The I-message

Which of the following statements would you rather say to a colleague?

‘You didn’t finish the financial report on time!’ or ‘I am getting backed up on my work since I don’t have the financial report yet.’

When two people speak, the ‘I-message’ frames the situation from the first person’s perspective. The first person speaks about a situation as they perceive it, and make this explicit through the choice of their words. I-messages generally begin with ‘I’ rather than ‘You’, and frame the situation as the first person’s opinion rather than as a judgement or a conclusion.

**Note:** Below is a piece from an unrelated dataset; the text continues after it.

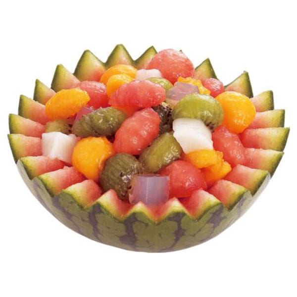 フルーツの中心を取り囲むようにカットしたらフルーツバスケットの出来上がり。
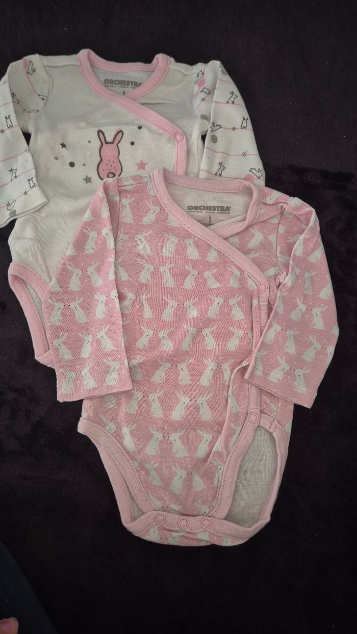 Vend ce lot de 2 bodies manches longues, de taille 1 mois, en très bon état de marque orchestra

‘I had to read that section of your paper three times before I understood it’ instead of ‘You need to learn how to word a paper more clearly’.

‘I feel sad when I come home to a messy kitchen.’ instead of ‘You have left the kitchen in a mess.’

‘I sense that we haven’t made good progress here.’ instead of ‘Things have been inefficient in this project.’

It is difficult to talk about a difficult situation without triggering negative emotion. The I-message is a tool that helps us navigate this minefield by taking ownership of how we feel rather than assigning blame or judgement.

Recommended reading: I-message on Wikipedia


The word ‘communication’ has the same Latin roots as the word ‘common’ and ‘commune’.

When people communicate, they have something in common. They commune for its duration, in that they cease to become individuals and meld into a common entity.

To communicate, in essence, is to transcend our selves and become part of something larger.